DATASET:
☆ ☆ ☆
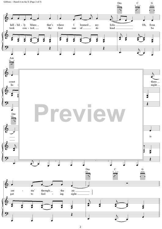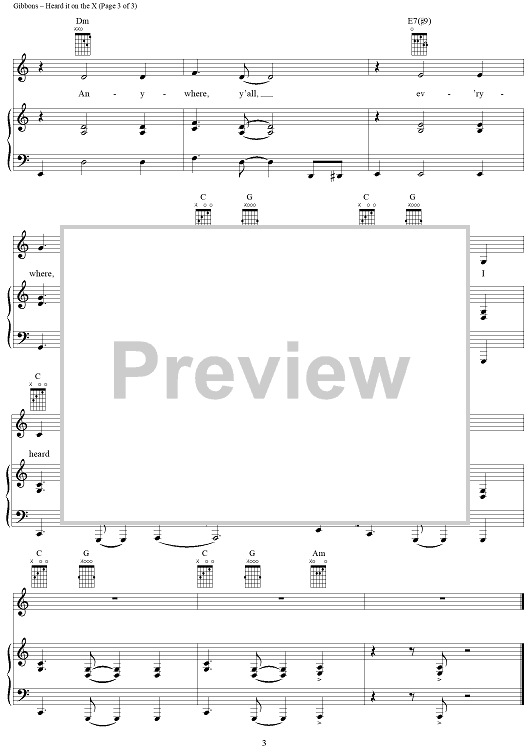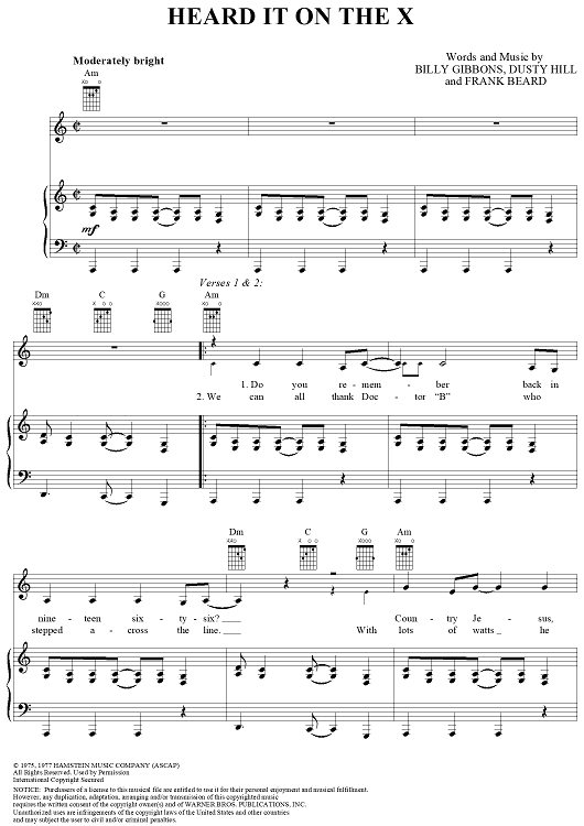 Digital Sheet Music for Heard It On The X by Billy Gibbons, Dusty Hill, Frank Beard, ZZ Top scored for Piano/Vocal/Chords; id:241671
☆ ☆ ☆
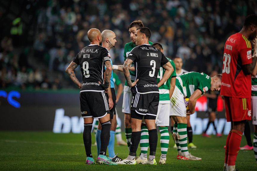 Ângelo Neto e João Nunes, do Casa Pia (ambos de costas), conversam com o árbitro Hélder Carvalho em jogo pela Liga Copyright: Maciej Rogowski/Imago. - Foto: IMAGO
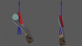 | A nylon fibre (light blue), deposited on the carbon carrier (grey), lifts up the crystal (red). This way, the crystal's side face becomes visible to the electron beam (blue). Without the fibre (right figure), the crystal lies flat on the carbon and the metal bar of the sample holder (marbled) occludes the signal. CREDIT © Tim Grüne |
☆ ☆ ☆
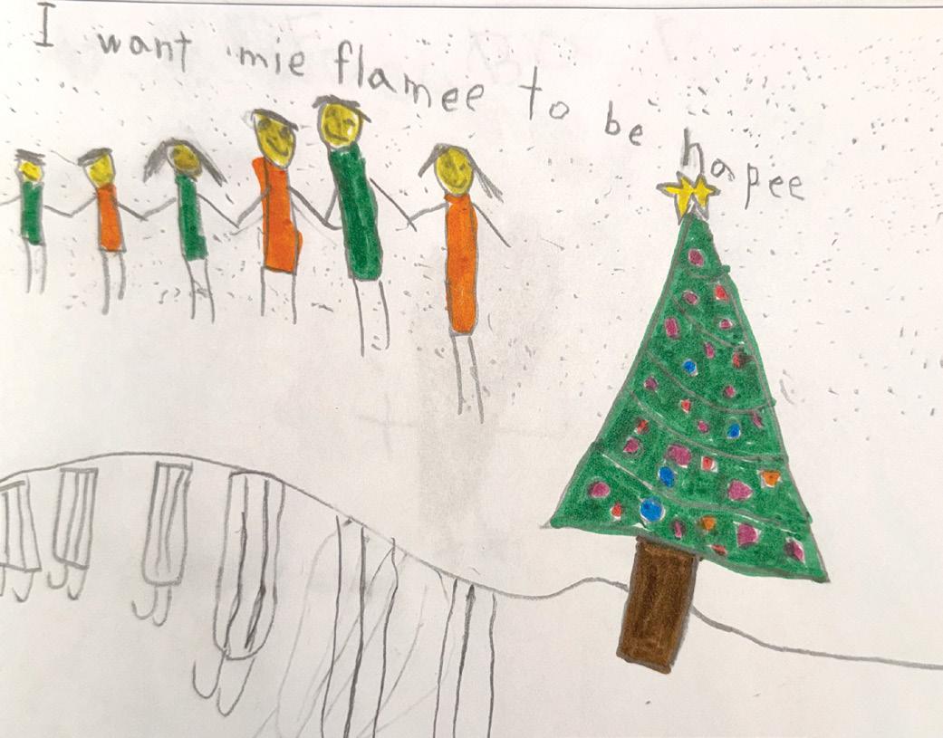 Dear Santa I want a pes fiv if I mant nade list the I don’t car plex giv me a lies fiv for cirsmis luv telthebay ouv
☆ ☆ ☆
PROBLEM:
Within the material above, find the part that opens with the line containing "Ângelo Neto e" and closes with the line containing "Tim Grüne |", and reproduce it exactly without the pictures.

SOLUTION TO THE EXERCISE:
 Ângelo Neto e João Nunes, do Casa Pia (ambos de costas), conversam com o árbitro Hélder Carvalho em jogo pela Liga Copyright: Maciej Rogowski/Imago. - Foto: IMAGO
 | A nylon fibre (light blue), deposited on the carbon carrier (grey), lifts up the crystal (red). This way, the crystal's side face becomes visible to the electron beam (blue). Without the fibre (right figure), the crystal lies flat on the carbon and the metal bar of the sample holder (marbled) occludes the signal. CREDIT © Tim Grüne |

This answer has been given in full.